# Arborist on the Move.



## highclimber47 (Apr 2, 2008)

I am a Arborist in Salt Lake City looking to take the next step in my career. I have worked with smaller companies in the past, now I am looking for more security with a larger, more established company. My young family has done quite a bit of moving around, and are looking to settle down for a few years.

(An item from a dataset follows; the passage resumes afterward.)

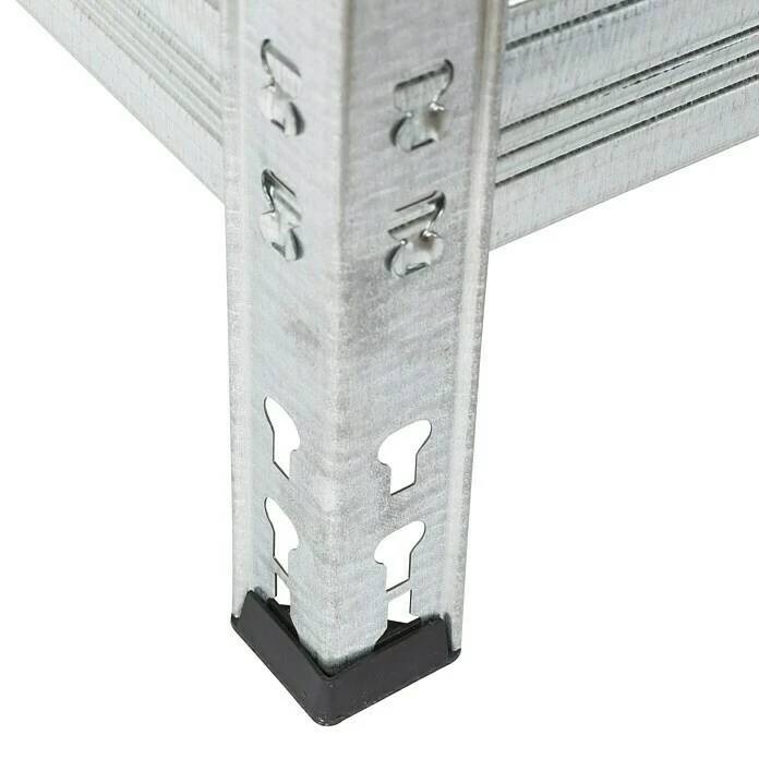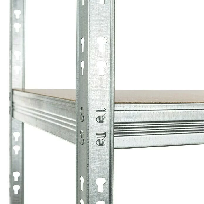 Das Metall-Schwerlastregal bietet Stauraum auf fünf Böden mit einer jeweiligen Traglast von 300 kg. Der Aufbau ist dank des Stecksystems einfach und problemlos. Durch die verzinkte Oberfläche ist das Regal vor Rost geschützt. Das Befestigen an einer Wandfläche ist optional möglich und sorgt für zusätzliche Stabilität.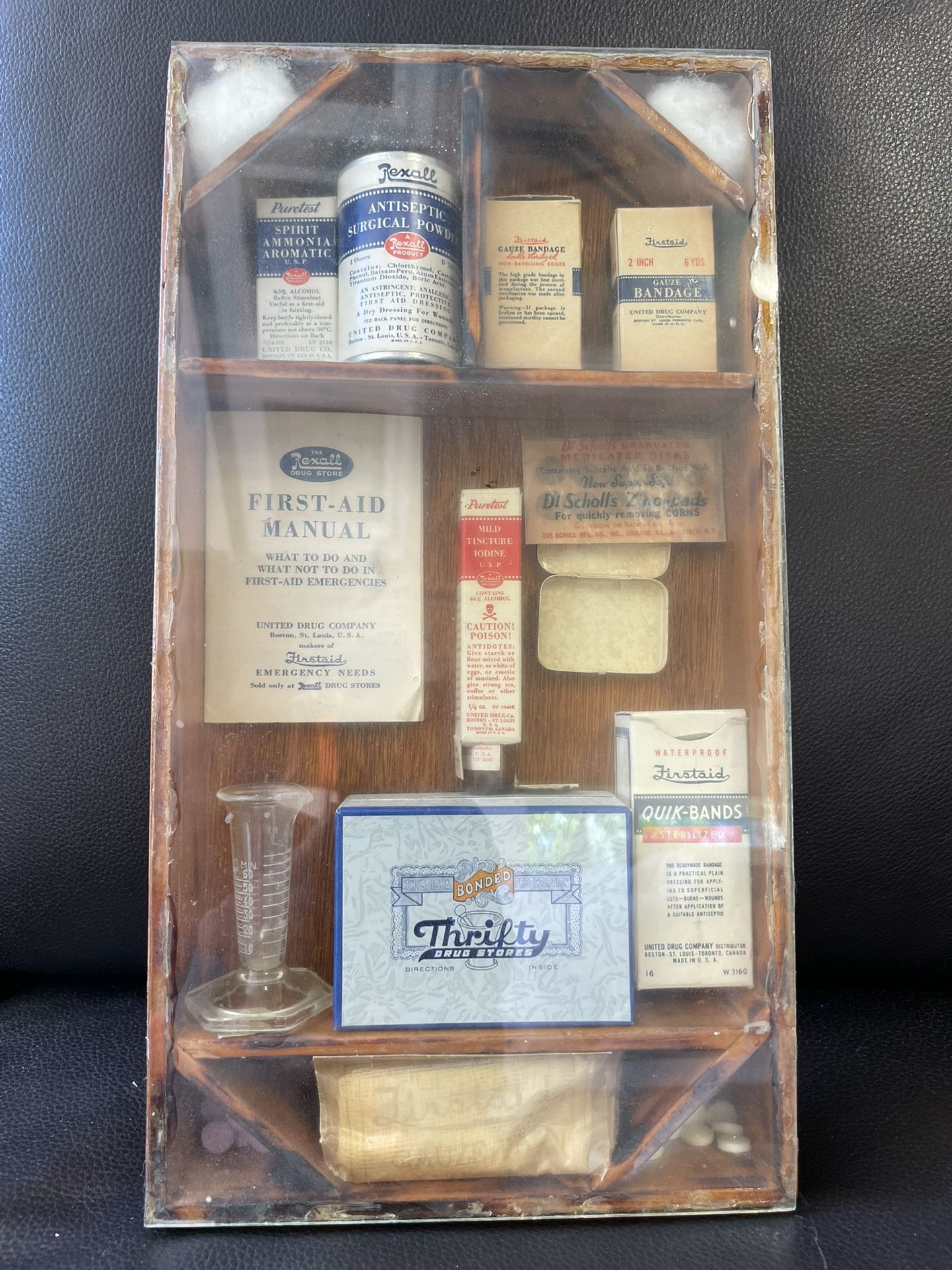 Original Rexall / Thrifty Drug Store first-aid kit, likely 1940s. Still sealed behind glass with original contents β antiseptic powder, bandages, Soovain tin, and more. A genuine piece of vintage pharmacy history! π Dimensions: 14ΒΌβ x 7ΒΎβ x 1ΒΎβ π° $95 π Located in Bonita Condition consistent with age. Great wall display or collector piece!

I have been climbing trees for three years, with a lifetime rock climbing experience as a solid foundation. As a climber I have removed giant Cottonwoods over million dollar homes and finely pruned Japanese Maples in immaculate landscapes. I am a dynamic climber focused on moving safely, efficiently, and mitigating my impact on the tree through the use of any tool at my disposal. Competition and recreational climbing is also a big interest of mine. At last years Utah Tree Climbing Championship I placed second in the state in the masters challenge. I plan on testing for my ISA arborist and tree worker certifications this spring. 

My family is looking to relocate, and we are open to offers national or international. Highly ethical pruning standards, competitive pay, and health insurance are a must. I want to be working for company that does not allow any form of improper pruning, and is truly working to improve the community. 

If it looks like a potential fit let me know and I can furnish a resume, and letters of recommendation. 

Tracy Brandt 
[email protected]


----------



## Thillmaine (Apr 2, 2008)

*PM SEnt*

private message sent


----------